● WHAT YOU SHOULD DO:
Extract exactly and only the lines from the one containing "实拍 2025毛呢包臀半身裙女秋冬季新款高腰a字鱼尾裙小个子长" through the end of the entries below. Pictures should not appear in the copy.

● DATA TO PROCESS:
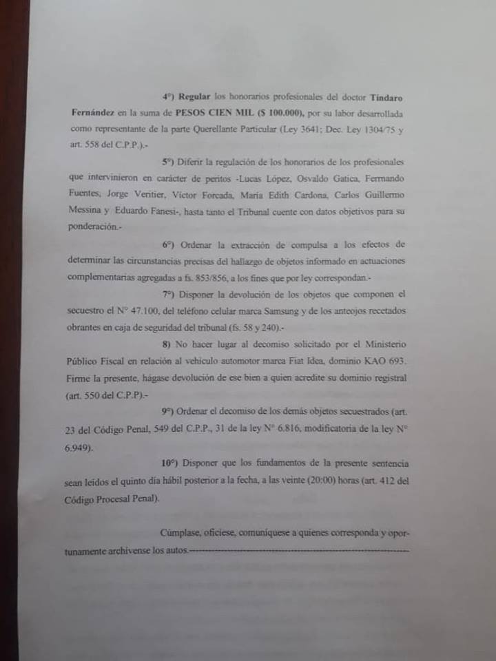 Además de la citada pena, Silva, tiene por delante 8 años de inhabilitación para conducir vehículos automotores, más accesorias legales y costas.
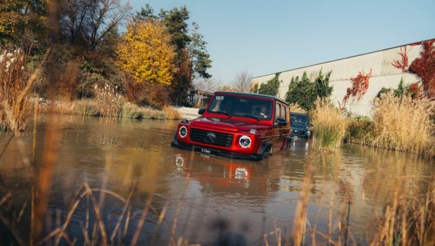 Die G-Klasse ist das Auto für den Weltuntergang. Was 1979 als „knorriges Arbeitstier“ begann, wie Instruktor Gerald Feichtinger sagt, ist heute ein ultraluxuriöses Auto. Es kann 100 Prozent Steigung erklimmen, durch 70 Zentimeter tiefes Wasser fahren, kippt bei 35 Grad Seitenneigung nicht um – und hat Massagesitze. Am Grazer Hausberg wird jedes Modell über 3500 Kilometer an Stock und Stein gejagt, bis es offiziell „Schöckl Proved“ ist.
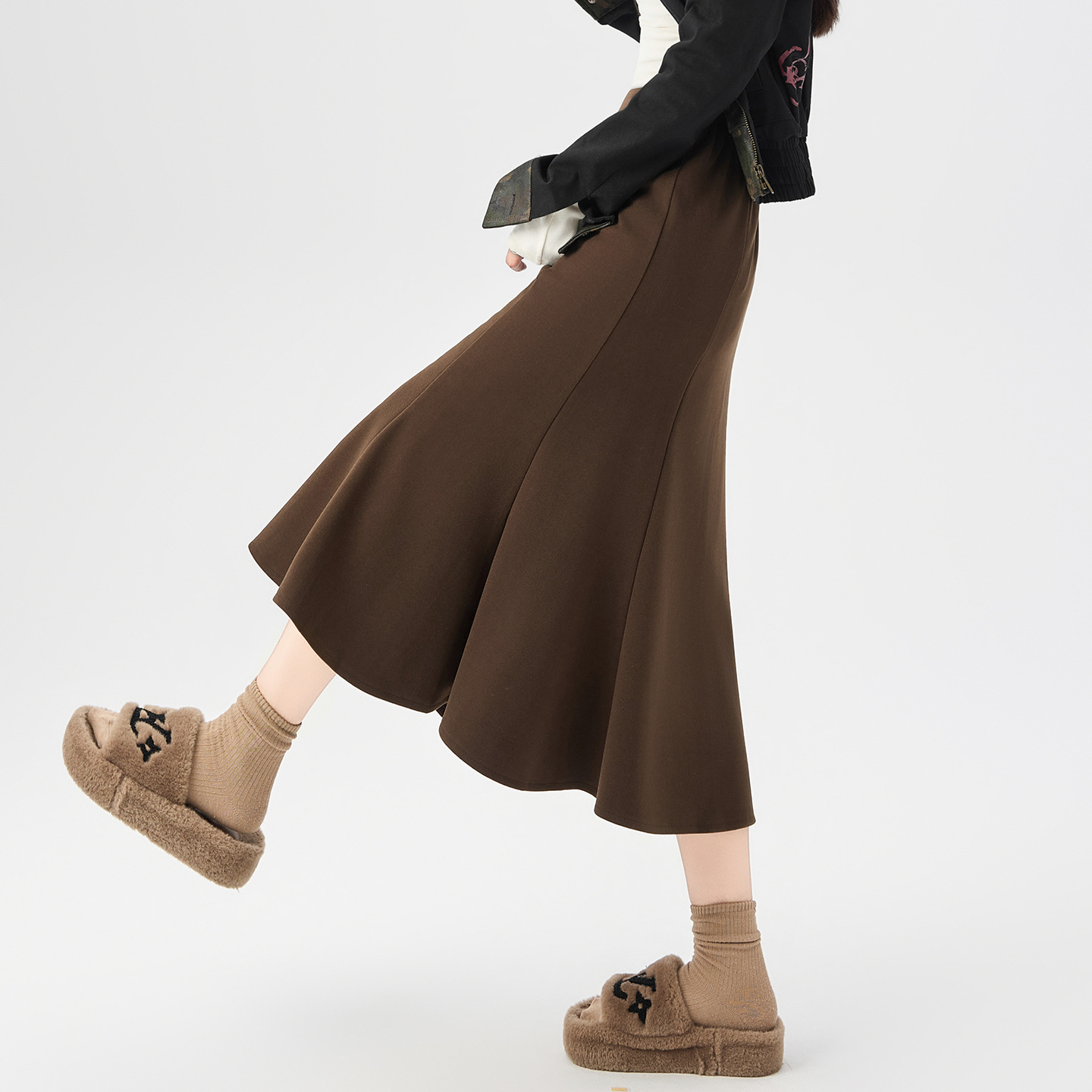 实拍 2025毛呢包臀半身裙女秋冬季新款高腰a字鱼尾裙小个子长
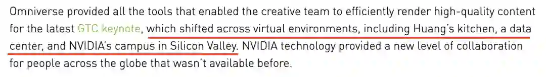 其实,除了老黄的厨房,视频中每次转场的背景也是虚拟环境,包括数据中心和英伟达在硅谷的园区。
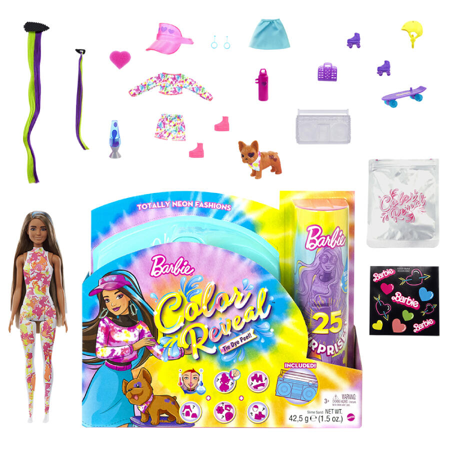¡Toma la muñeca Barbie Color Reveal, parcialmente cubierta con una capa de tinte neón y pélala para revelar el look! A continuación, abra las bolsas misteriosas para encontrar un cachorro mascota, un estuche transparente con forma de boombox y arena viscosa, una patineta para cachorros, patines de ruedas, ropa teñida con nudos, una muñeca, una hoja de calcomanías y dos extensiones de cabello, una para la muñeca Barbie y otra de tamaño para que los niños usen.
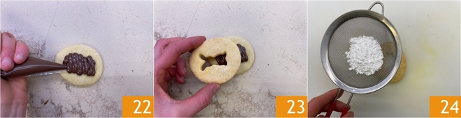 Garnissez les bases au centre 22, refermez avec le biscuit évidé 23 et saupoudrez la surface de sucre glace 24.
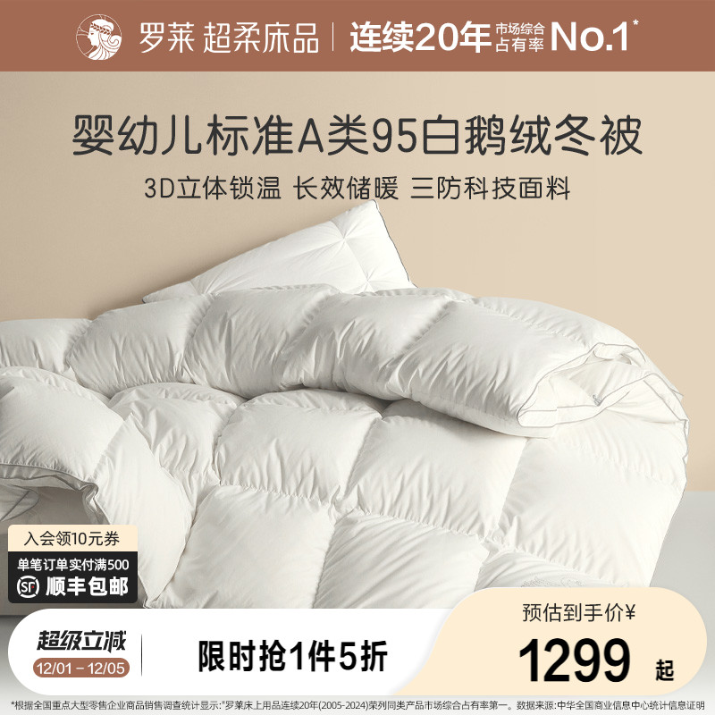 罗莱羽绒被子25秋冬新品180S全棉A类95白鹅绒被加厚冬被蓬松保暖
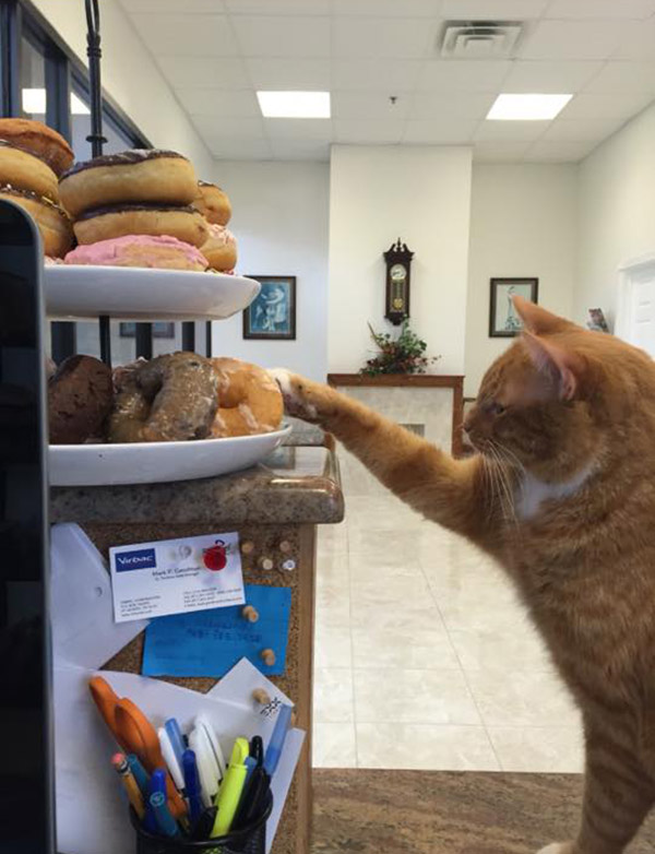 Roger enjoys the art of stealing donuts.
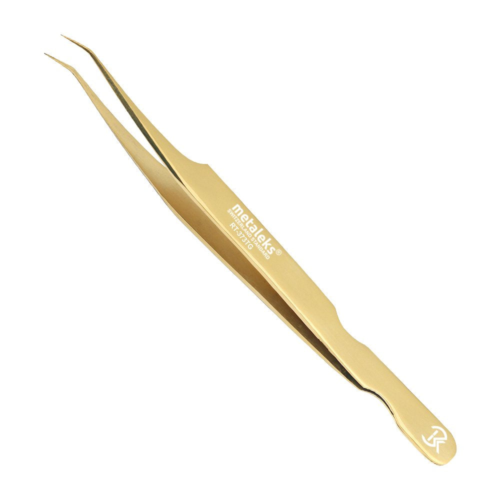 3Pcs Japanese Stainless Steel Tweezers for Eyelash Extension in Golden Titanium Coated with Golden Glitter Magnetic Kit
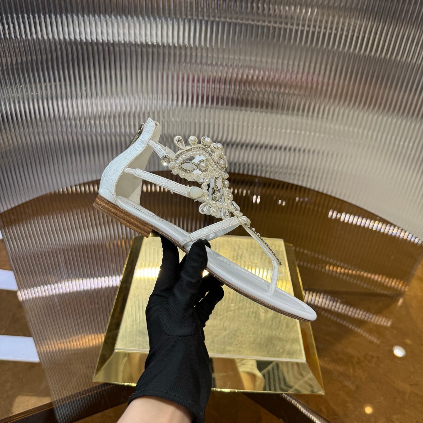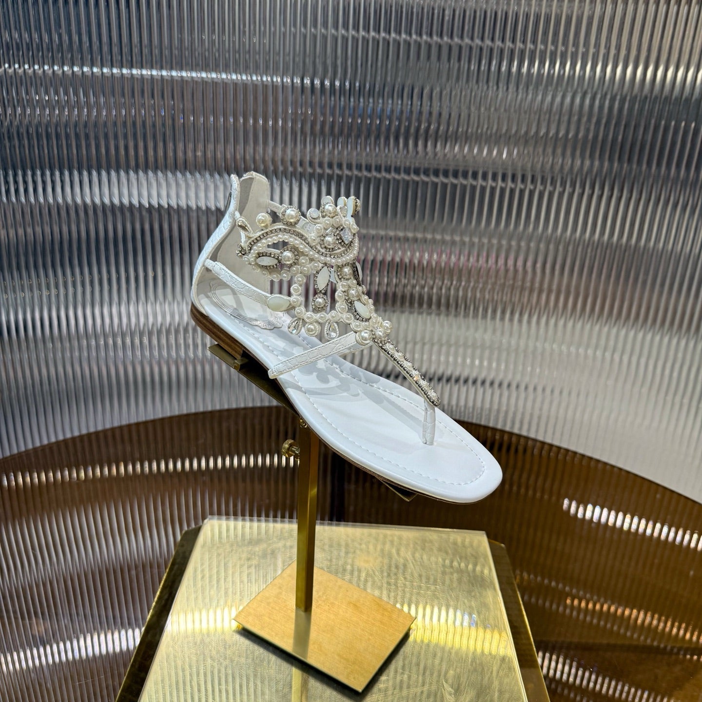 RC 25C Thong Diamond Sandals Pearl White Sheepskin Rhinestone 339504
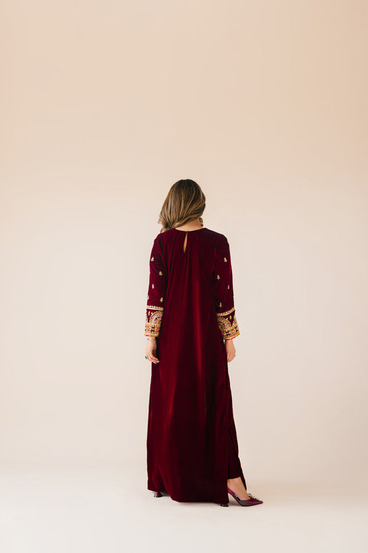 Sammy K | Velvet Festive Edit | Maroon Maxi velvet Outfit

● RESPONSE TO THE TASK:
 实拍 2025毛呢包臀半身裙女秋冬季新款高腰a字鱼尾裙小个子长
 其实,除了老黄的厨房,视频中每次转场的背景也是虚拟环境,包括数据中心和英伟达在硅谷的园区。
¡Toma la muñeca Barbie Color Reveal, parcialmente cubierta con una capa de tinte neón y pélala para revelar el look! A continuación, abra las bolsas misteriosas para encontrar un cachorro mascota, un estuche transparente con forma de boombox y arena viscosa, una patineta para cachorros, patines de ruedas, ropa teñida con nudos, una muñeca, una hoja de calcomanías y dos extensiones de cabello, una para la muñeca Barbie y otra de tamaño para que los niños usen.
 Garnissez les bases au centre 22, refermez avec le biscuit évidé 23 et saupoudrez la surface de sucre glace 24.
 罗莱羽绒被子25秋冬新品180S全棉A类95白鹅绒被加厚冬被蓬松保暖
 Roger enjoys the art of stealing donuts.
 3Pcs Japanese Stainless Steel Tweezers for Eyelash Extension in Golden Titanium Coated with Golden Glitter Magnetic Kit
 RC 25C Thong Diamond Sandals Pearl White Sheepskin Rhinestone 339504
 Sammy K | Velvet Festive Edit | Maroon Maxi velvet Outfit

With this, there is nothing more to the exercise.